In today’s lesson from the psalms (Psalm 18), I ran across these words:
To the faithful you show yourself faithful,
to the blameless you show yourself blameless,
to the pure you show yourself pure,
but to the devious you show yourself shrewd.
You save the humble
but bring low those whose eyes are haughty. (verses 25-27)
Under normal circumstances, I’m not sure that these words would have caught my attention. But in the process of studying for my message this Sunday, I ran across a reflection that makes these verses stand out. Sunday’s sermon will focus on “The Parable of the Talents” found in Matthew 25:14-30, in which a master gives extraordinary riches to three servants — two of whom steward them productively, and one of whom buries them in the ground. This third servant defends his actions, citing his understanding of the master’s character: “I knew that you are a hard man, harvesting where you have not sown and gathering where you have not scattered seed. So I was afraid and went out and hid your gold in the ground” (Mt. 25:24-25). And in commenting on this passage, a pastor named David Lose has this to say:
The master’s response might be a case of a self-fulfilling prophecy, as he decides to act in just the way the third servant has characterized him. And here’s the thing: I wonder how often this happens in our relationship with God. We imagine God primarily as an enforcer of rules, and we get hung up by the legalism of religion.
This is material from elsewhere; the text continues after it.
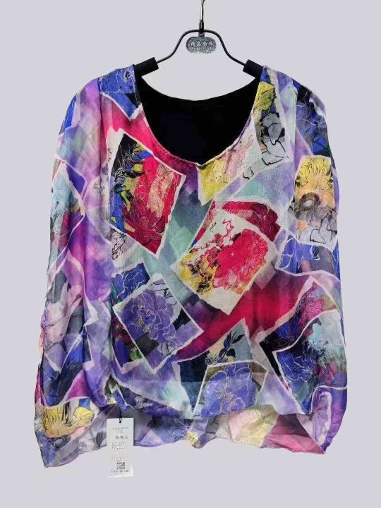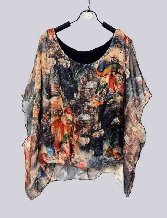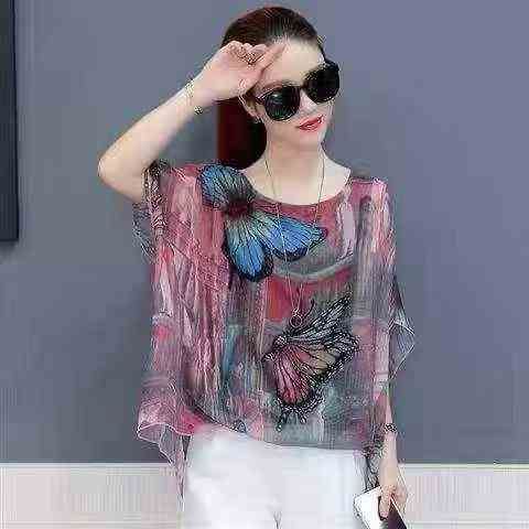 4.5元全清,夏季前短后长雪纺衫女装新款蝙蝠衫短袖宽松衣服遮肚子上衣潮,花型图案多,品质好,独立包装带吊牌,S-XL,1280件左右

We visualize God as stern and prone to punishment, and we come to believe that everything bad in our lives is punishment from God. We see God as arbitrary and capricious, and that’s what we experience, a fickle and unsympathetic God who meets our expectations. On the other hand, when we view God primarily in terms of grace, we are surprised and uplifted by the numerous gifts and moments of grace we experience all around us. And when we imagine God to be a God of love, we find it far easier to experience God’s love in our own lives and to share it with others.
What you see, all too often, is just what you get. And so perhaps this parable is inviting us to examine closely the pictures of God I believe we each carry around inside of us.
David J. Lose (http://www.davidlose.net/2014/11/pentecost-23-a/)
A. W. Tozer once said:
May we think about God rightly today; and may our everything thought of Him lead us to love Him more fully with all our heart, soul, mind and strength.